Nothing but the pictures should be left out when you copy the records exactly.

▶ **The data**
---

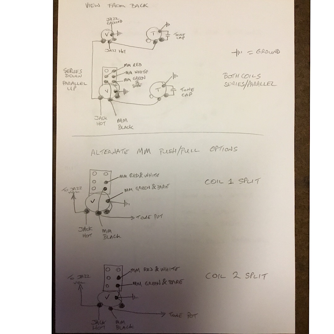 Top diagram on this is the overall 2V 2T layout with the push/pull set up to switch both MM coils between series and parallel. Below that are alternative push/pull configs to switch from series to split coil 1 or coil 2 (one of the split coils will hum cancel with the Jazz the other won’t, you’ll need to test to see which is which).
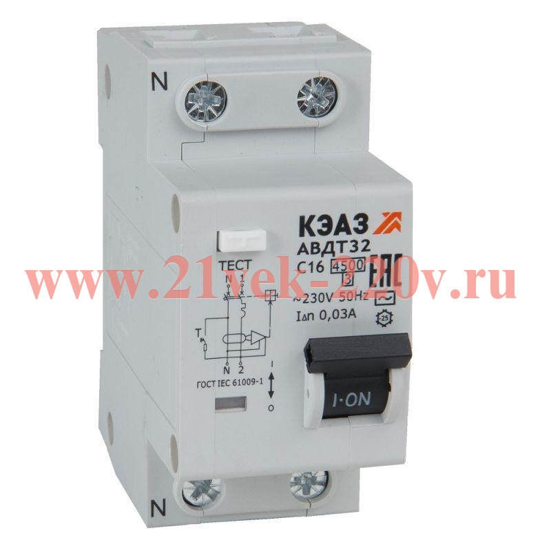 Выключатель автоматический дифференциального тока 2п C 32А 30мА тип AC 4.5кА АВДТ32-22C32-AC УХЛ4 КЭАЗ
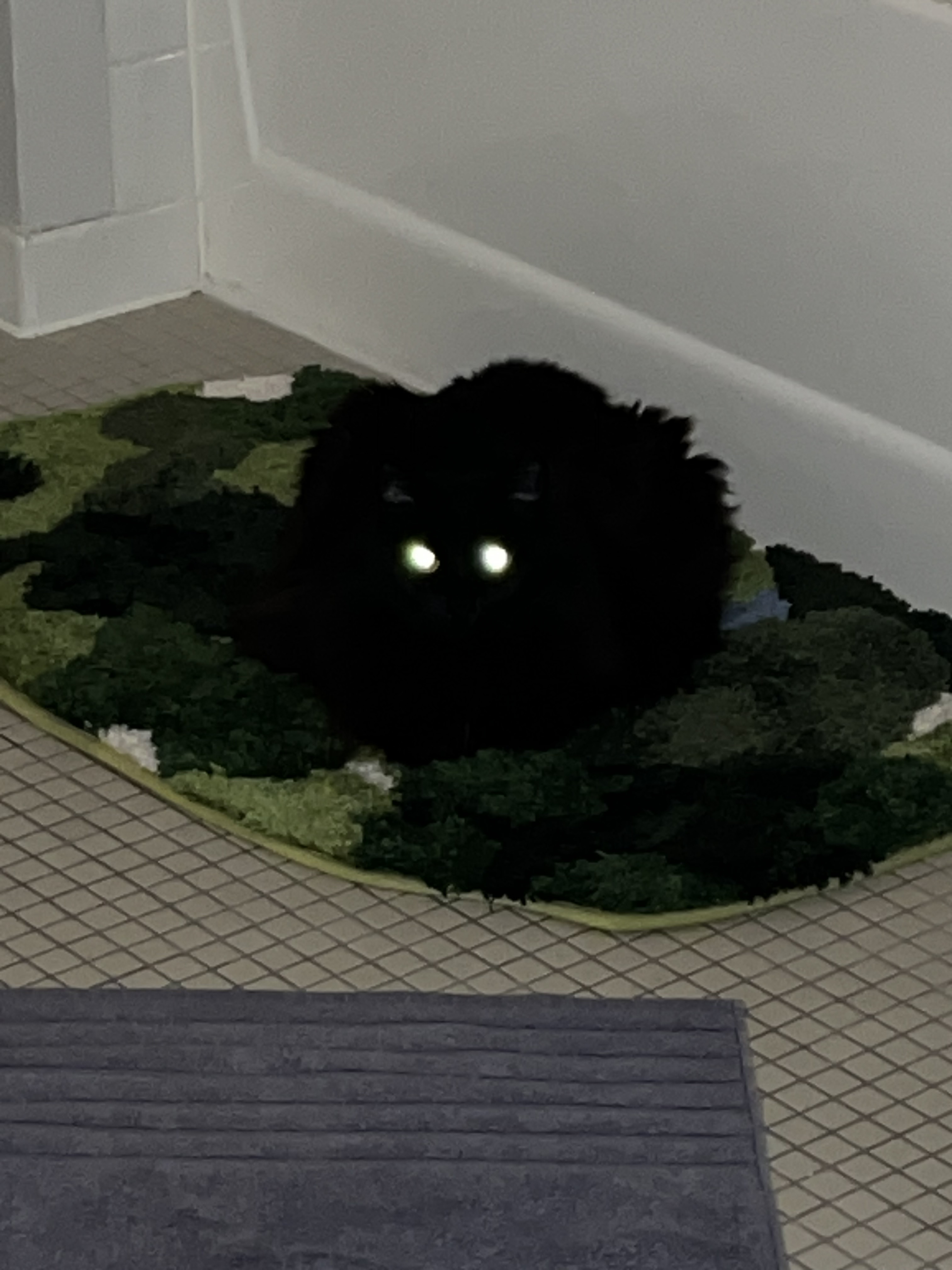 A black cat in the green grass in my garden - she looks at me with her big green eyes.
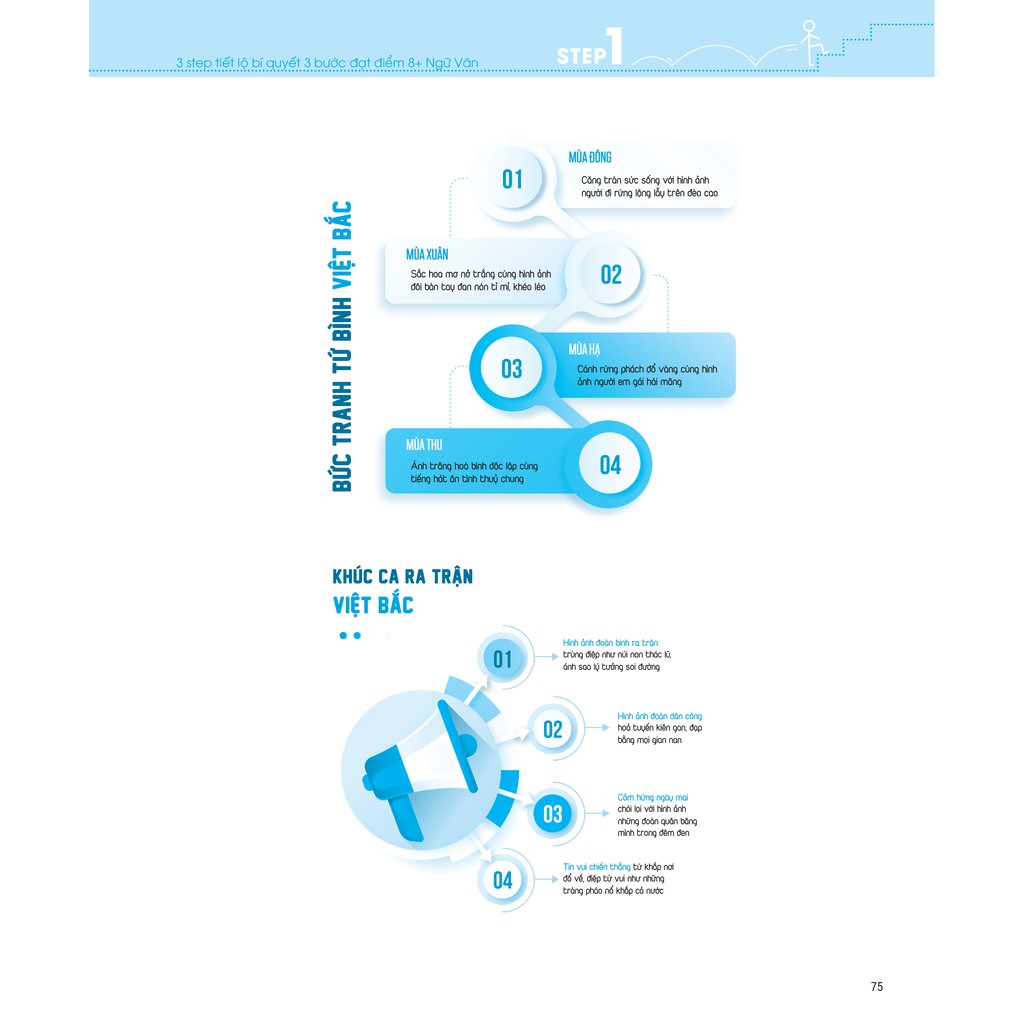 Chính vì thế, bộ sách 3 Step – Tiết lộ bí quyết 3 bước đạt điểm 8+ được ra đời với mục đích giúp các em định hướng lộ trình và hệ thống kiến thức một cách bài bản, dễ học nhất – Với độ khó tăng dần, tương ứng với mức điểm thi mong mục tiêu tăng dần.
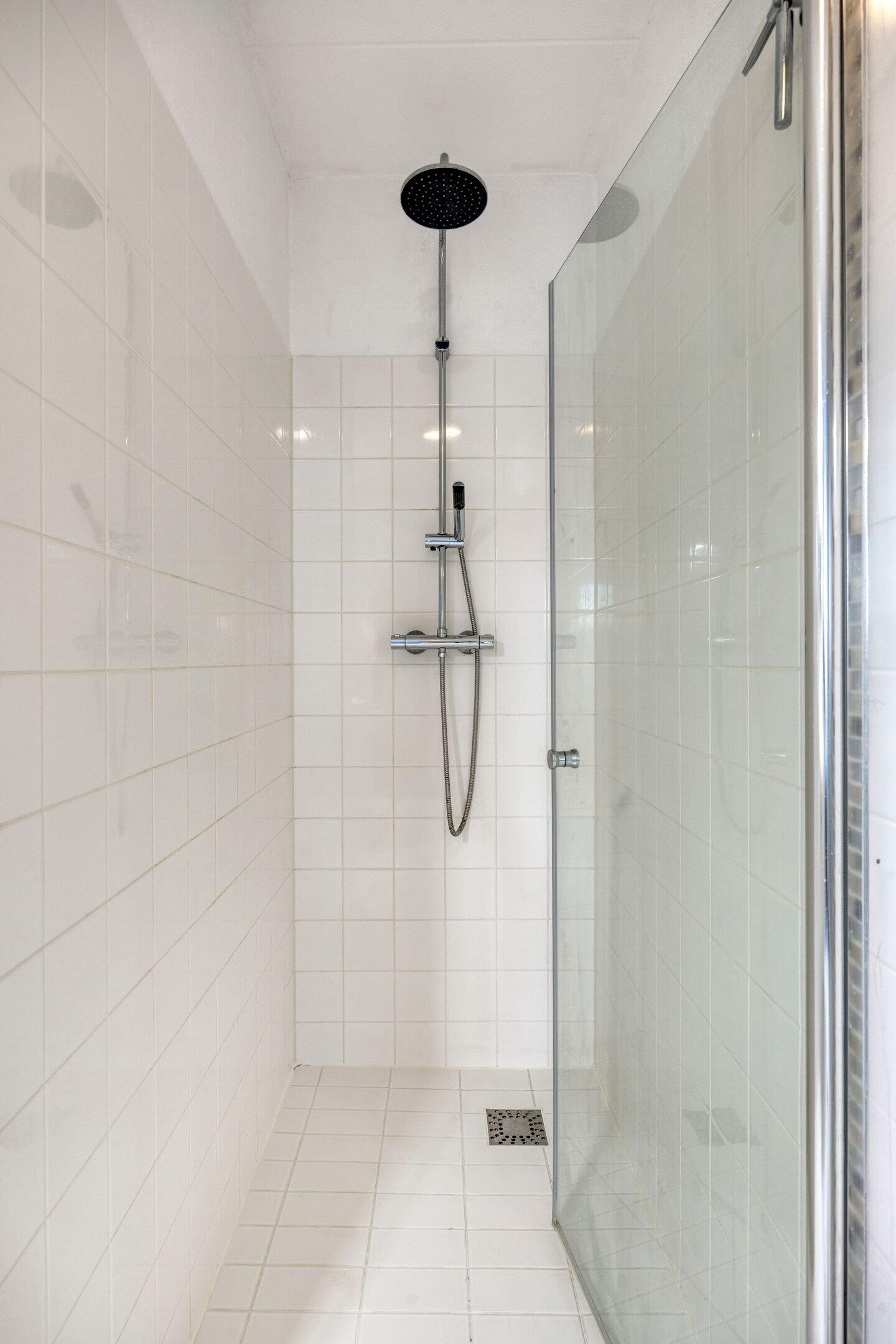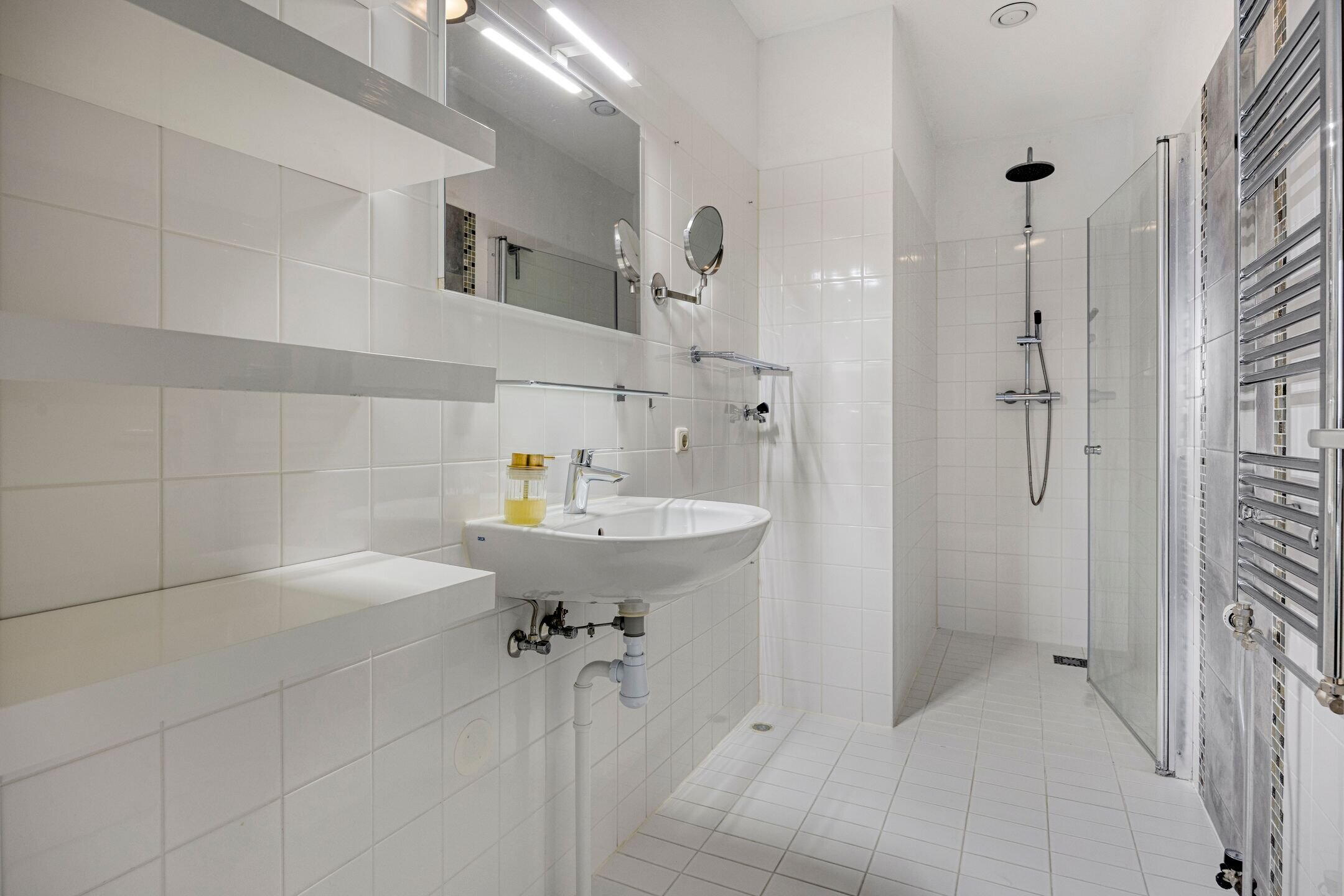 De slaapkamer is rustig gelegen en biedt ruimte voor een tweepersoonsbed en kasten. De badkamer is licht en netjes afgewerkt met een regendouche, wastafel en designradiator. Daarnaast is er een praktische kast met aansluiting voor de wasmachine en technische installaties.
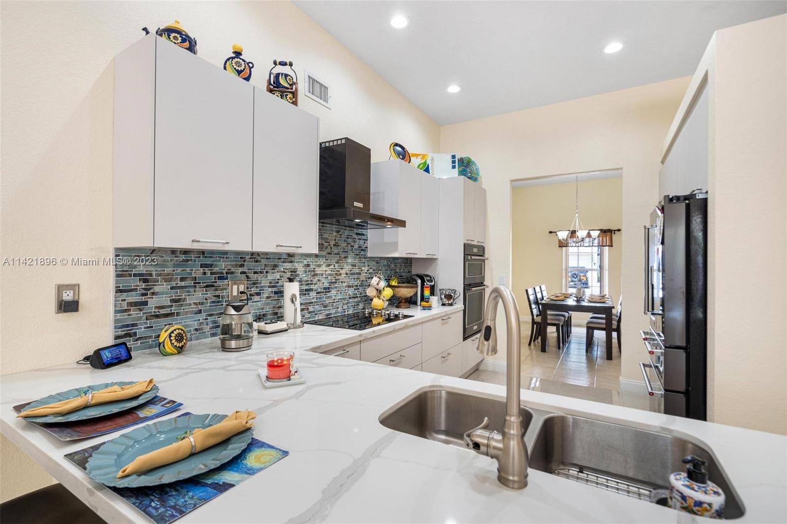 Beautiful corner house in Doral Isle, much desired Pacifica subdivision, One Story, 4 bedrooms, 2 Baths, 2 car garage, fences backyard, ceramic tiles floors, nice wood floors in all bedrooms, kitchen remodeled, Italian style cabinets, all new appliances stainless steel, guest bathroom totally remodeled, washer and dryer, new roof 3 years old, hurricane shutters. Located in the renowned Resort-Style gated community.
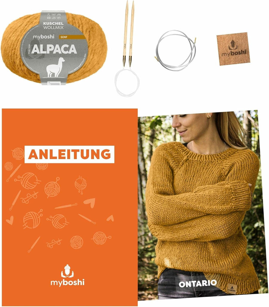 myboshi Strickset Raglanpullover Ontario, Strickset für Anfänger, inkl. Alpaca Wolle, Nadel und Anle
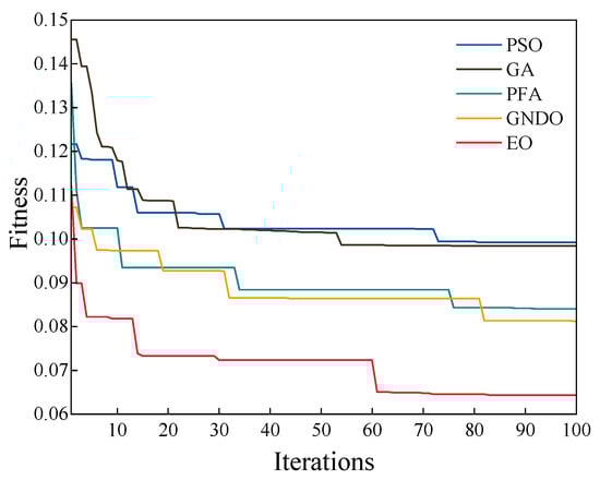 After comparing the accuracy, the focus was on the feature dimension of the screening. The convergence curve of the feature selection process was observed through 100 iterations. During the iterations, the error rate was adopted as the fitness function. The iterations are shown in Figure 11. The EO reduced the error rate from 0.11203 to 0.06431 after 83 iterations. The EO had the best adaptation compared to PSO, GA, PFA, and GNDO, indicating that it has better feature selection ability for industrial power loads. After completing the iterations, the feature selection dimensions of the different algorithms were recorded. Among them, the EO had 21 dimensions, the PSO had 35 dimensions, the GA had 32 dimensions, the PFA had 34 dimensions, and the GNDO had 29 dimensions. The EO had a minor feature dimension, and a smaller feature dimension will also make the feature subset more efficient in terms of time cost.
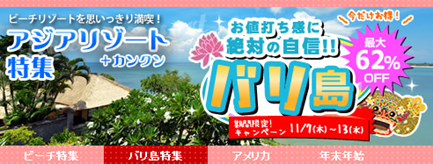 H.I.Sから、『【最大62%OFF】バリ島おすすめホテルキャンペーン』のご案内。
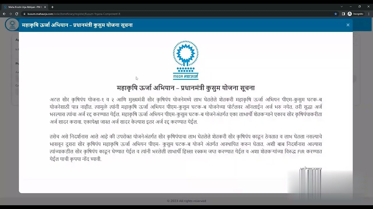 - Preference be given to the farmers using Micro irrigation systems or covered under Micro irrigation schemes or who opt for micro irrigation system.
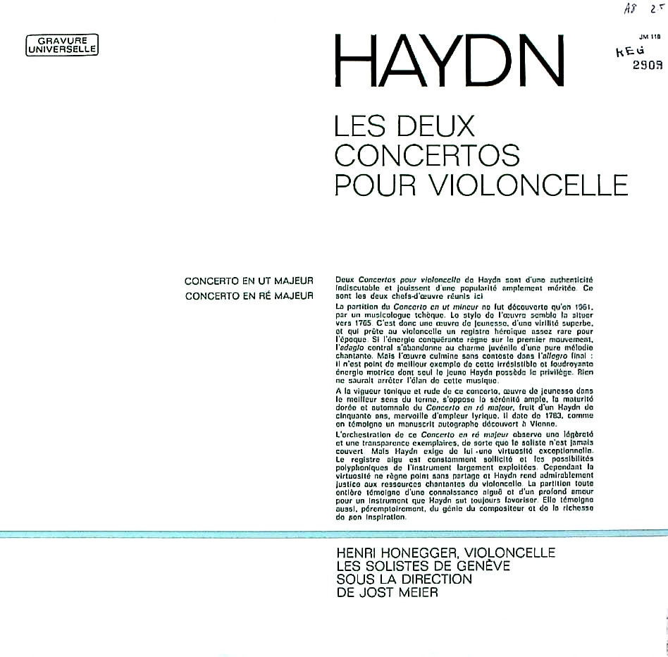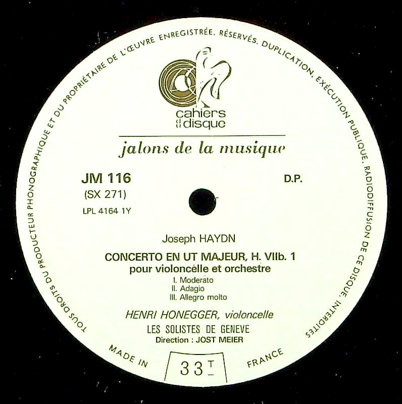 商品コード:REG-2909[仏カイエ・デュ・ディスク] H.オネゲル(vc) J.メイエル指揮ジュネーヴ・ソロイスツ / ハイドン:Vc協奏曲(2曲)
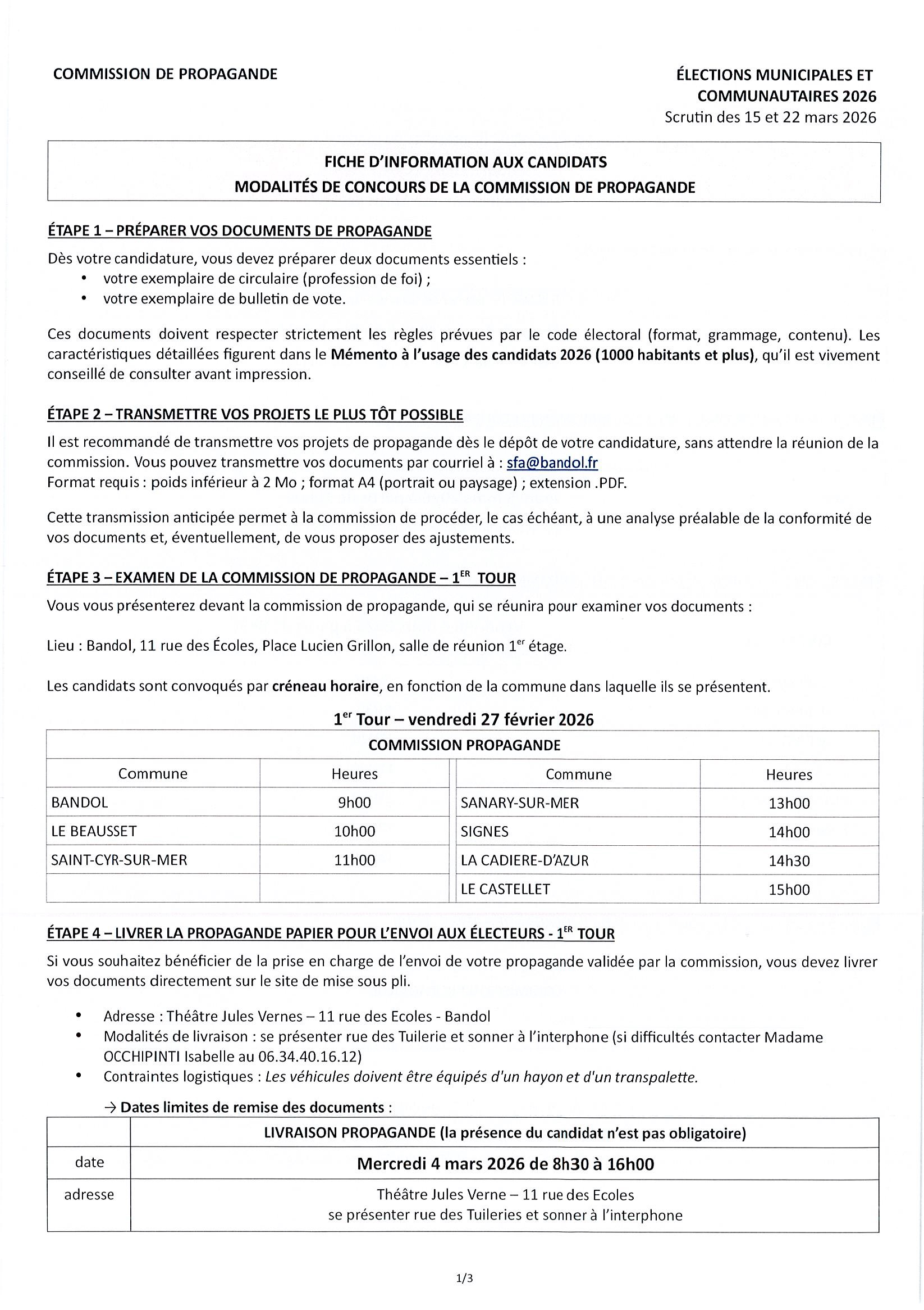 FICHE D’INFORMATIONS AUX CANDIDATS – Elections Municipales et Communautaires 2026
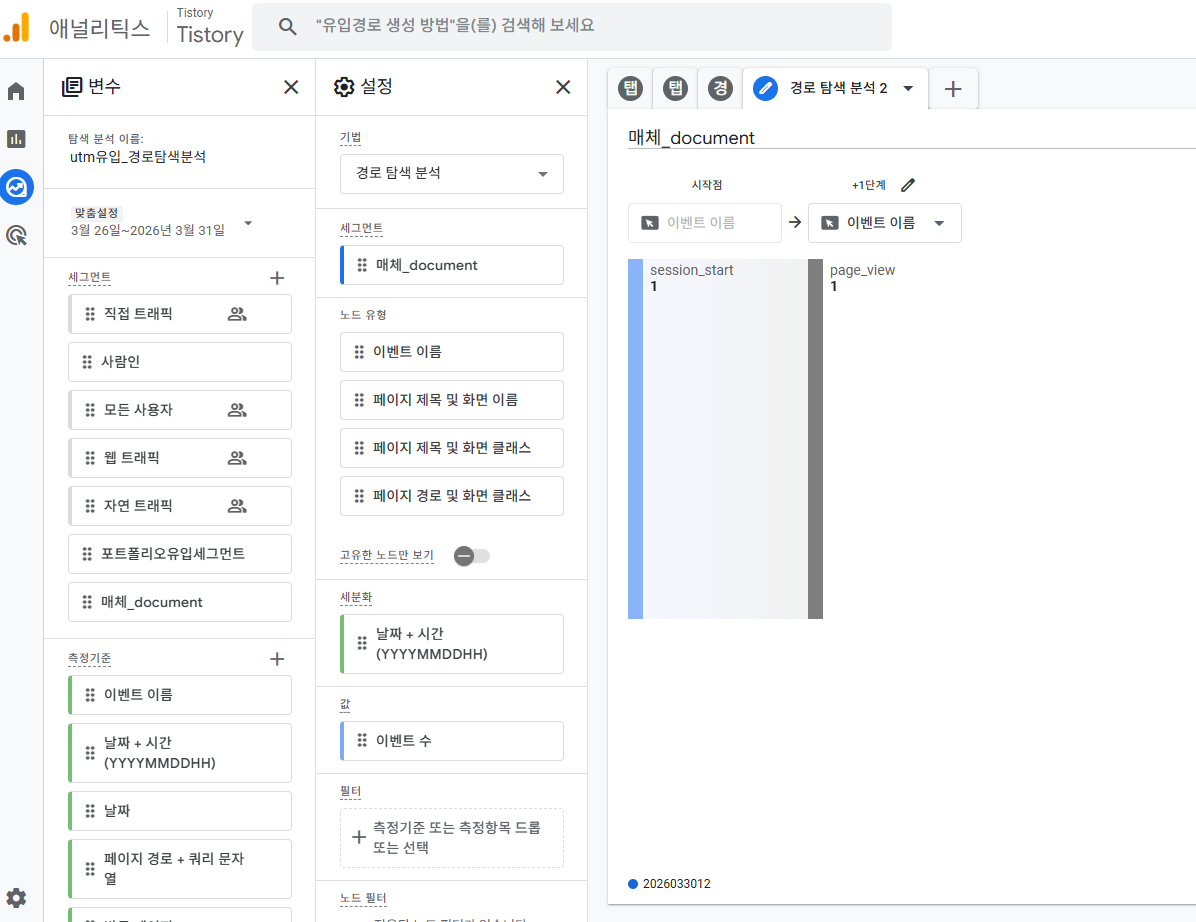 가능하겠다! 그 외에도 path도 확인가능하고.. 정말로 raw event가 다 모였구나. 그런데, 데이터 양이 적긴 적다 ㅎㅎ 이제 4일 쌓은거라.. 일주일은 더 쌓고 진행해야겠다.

---

▶ **The completed task**
 Top diagram on this is the overall 2V 2T layout with the push/pull set up to switch both MM coils between series and parallel. Below that are alternative push/pull configs to switch from series to split coil 1 or coil 2 (one of the split coils will hum cancel with the Jazz the other won’t, you’ll need to test to see which is which).
 Выключатель автоматический дифференциального тока 2п C 32А 30мА тип AC 4.5кА АВДТ32-22C32-AC УХЛ4 КЭАЗ
 A black cat in the green grass in my garden - she looks at me with her big green eyes.
 Chính vì thế, bộ sách 3 Step – Tiết lộ bí quyết 3 bước đạt điểm 8+ được ra đời với mục đích giúp các em định hướng lộ trình và hệ thống kiến thức một cách bài bản, dễ học nhất – Với độ khó tăng dần, tương ứng với mức điểm thi mong mục tiêu tăng dần.
 De slaapkamer is rustig gelegen en biedt ruimte voor een tweepersoonsbed en kasten. De badkamer is licht en netjes afgewerkt met een regendouche, wastafel en designradiator. Daarnaast is er een praktische kast met aansluiting voor de wasmachine en technische installaties.
 Beautiful corner house in Doral Isle, much desired Pacifica subdivision, One Story, 4 bedrooms, 2 Baths, 2 car garage, fences backyard, ceramic tiles floors, nice wood floors in all bedrooms, kitchen remodeled, Italian style cabinets, all new appliances stainless steel, guest bathroom totally remodeled, washer and dryer, new roof 3 years old, hurricane shutters. Located in the renowned Resort-Style gated community.
 myboshi Strickset Raglanpullover Ontario, Strickset für Anfänger, inkl. Alpaca Wolle, Nadel und Anle
 After comparing the accuracy, the focus was on the feature dimension of the screening. The convergence curve of the feature selection process was observed through 100 iterations. During the iterations, the error rate was adopted as the fitness function. The iterations are shown in Figure 11. The EO reduced the error rate from 0.11203 to 0.06431 after 83 iterations. The EO had the best adaptation compared to PSO, GA, PFA, and GNDO, indicating that it has better feature selection ability for industrial power loads. After completing the iterations, the feature selection dimensions of the different algorithms were recorded. Among them, the EO had 21 dimensions, the PSO had 35 dimensions, the GA had 32 dimensions, the PFA had 34 dimensions, and the GNDO had 29 dimensions. The EO had a minor feature dimension, and a smaller feature dimension will also make the feature subset more efficient in terms of time cost.
 H.I.Sから、『【最大62%OFF】バリ島おすすめホテルキャンペーン』のご案内。
 - Preference be given to the farmers using Micro irrigation systems or covered under Micro irrigation schemes or who opt for micro irrigation system.
 商品コード:REG-2909[仏カイエ・デュ・ディスク] H.オネゲル(vc) J.メイエル指揮ジュネーヴ・ソロイスツ / ハイドン:Vc協奏曲(2曲)
 FICHE D’INFORMATIONS AUX CANDIDATS – Elections Municipales et Communautaires 2026
 가능하겠다! 그 외에도 path도 확인가능하고.. 정말로 raw event가 다 모였구나. 그런데, 데이터 양이 적긴 적다 ㅎㅎ 이제 4일 쌓은거라.. 일주일은 더 쌓고 진행해야겠다.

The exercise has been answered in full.